Fig. 2.2-3: Particles moved to a knot of a tetrahedron, there is here mutual distance 0 (nearly).
(A marked particle meet in a knot three particles, after its flight back then meet with three another particles.)
How is to estimate the distance a, if the middle distance of the particles shall and the particles fly to and from the knots? In the knots they have nearly the distance 0 one with another, in moving from knot grow the distance and at the moving to the another knot the distance reduced and final it is (nearly) 0 anew. Because the particles fly from knot and back, they removed the first distance a/2 and they neared in the second distance a/2 each other. They have consequently at a/2 the maximal distance each other. This maximal distance signet as “x”. It is to see in fig. 2.2-4.

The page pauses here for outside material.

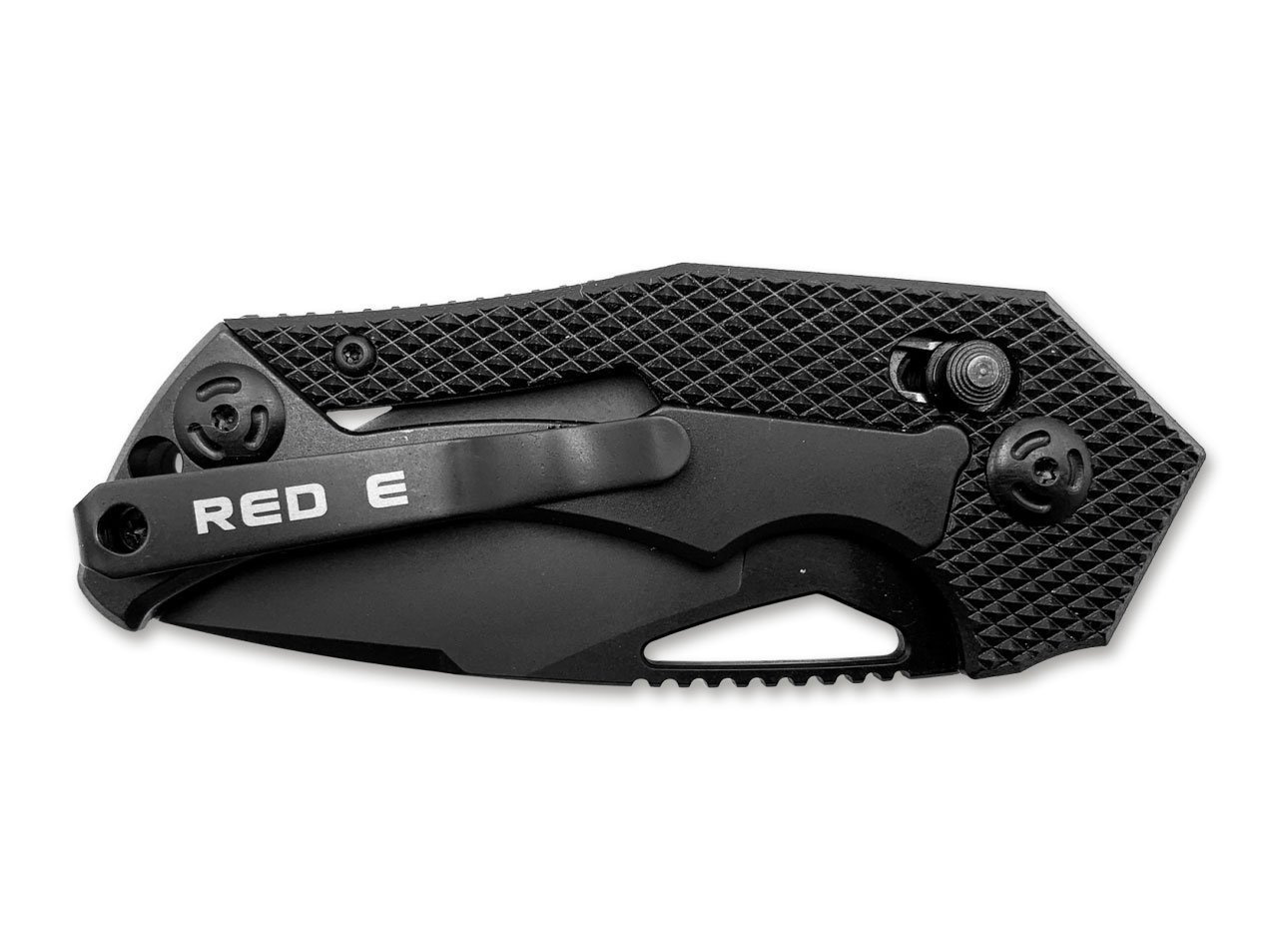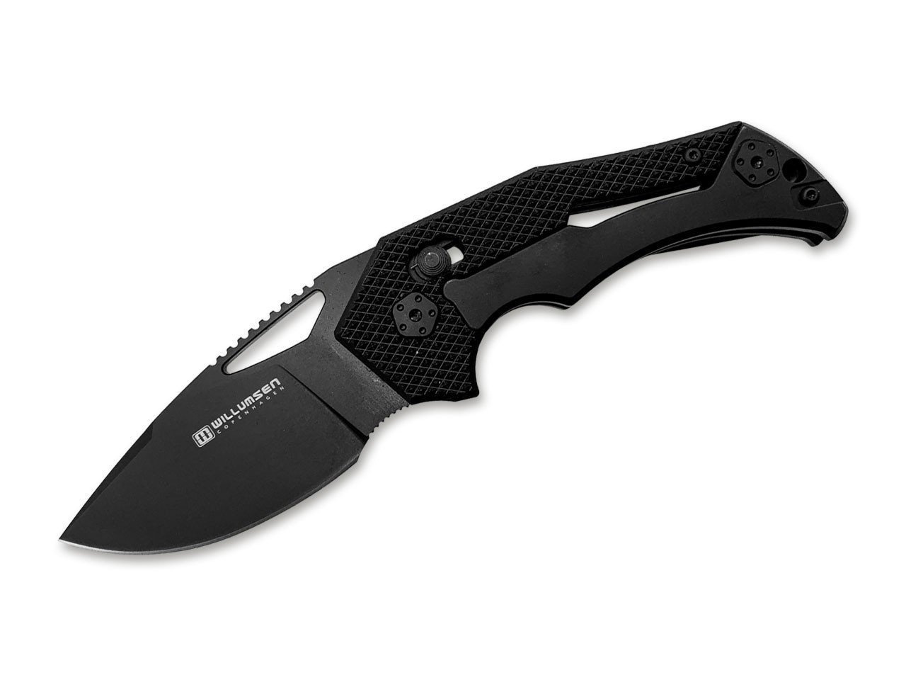 The compact Willumsen Red E Midnight sees itself as a problem solver for everyday cutting work. Its black D2 blade opens with a thumb hole and locks with the clever Axis Lock. The non-slip handle is made of a material mix of G10 and stainless steel. With lanyard hole and clip (tip-up / R)
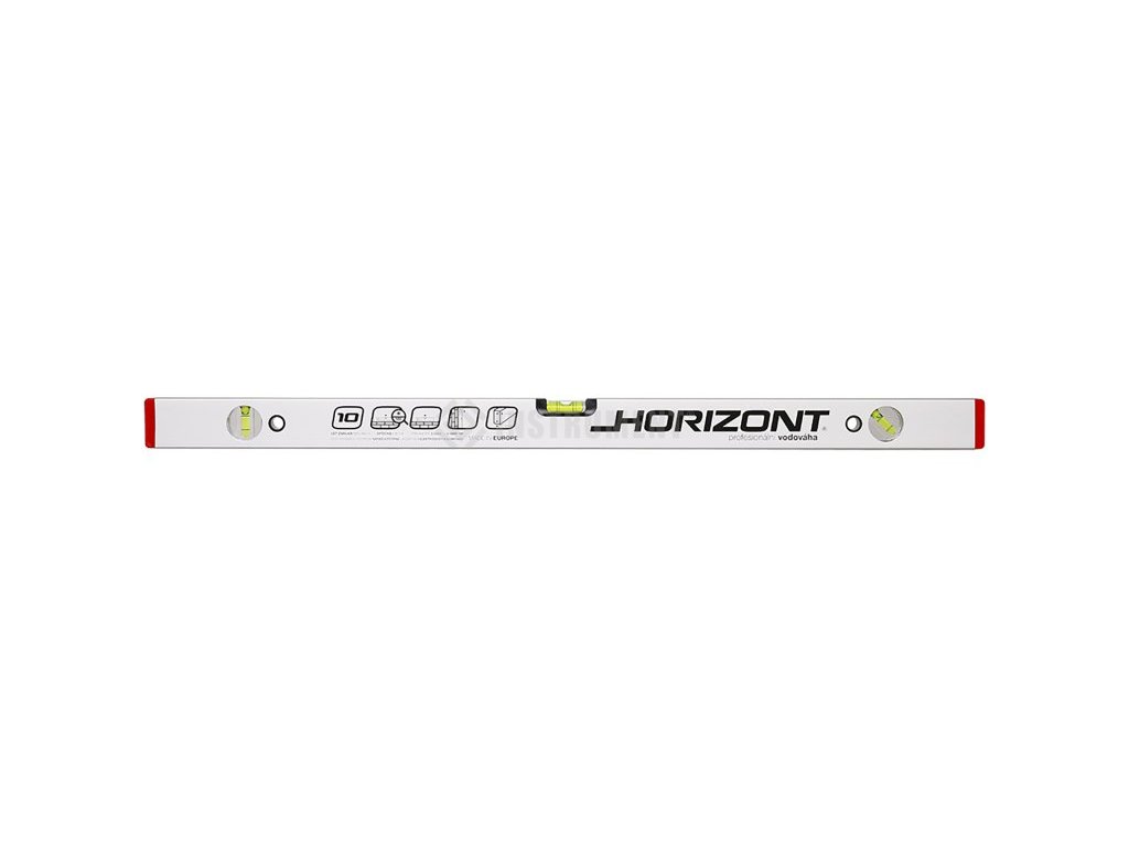 Horizont vodováha 2000mm se třemi libelami, přesnost 0,5mm/m = 0,0285°, eloxovaný otěruvzdorný povrch, tloušťka stěny ALU profilu 1,5mm, kapalina v libelách je UV stabilizovaná a fluorescenční, horizontální optická vodováha je odolná proti provozním nárazům, 10 let záruka na libely, KAŽDÝ KUS elektronicky testován.

Fig. 2.2-4 Construction of the maximal distance of two particles each other.
From the triangle ABC in fig. 2.2-4 result on base of resemblance at triangles:
2.2-4
and from these the maximal distance x: 2.2-5
(Note: In the carrying out of 2003 was falsely assumed the maximal distance as g and not as g/2).
The middle distance is therefore between 0 in the meeting point and the maximal distance at a/2.
2.2-6
In a tetrahedron is the distance g:
2.2-7
With that follow: 2.2-8
As above assumed, shall be valid for the structure of a proton the middle distance for particles too.
With 2.2-9
follow 2.2-10
and after shifting 2.2-11
With that is a calculable.
Now can from equation above calculate the . 2.2-12
2.2-13
With that follow from 2.2-14
2.2-15
mp0=1.637*10-27 kg instead of 1.673*10-27 kg; deviation: -2.15%
2.2-16
Here lead the correction of λmax (and therefore ∆λ∆n=1 too) as at the electron too and the correction for the [middle distance] in the structure of the tetrahedron of the proton to a distinct improvement of the exactness in front to the results of 2003. As was the deviation in 2003 at +33%.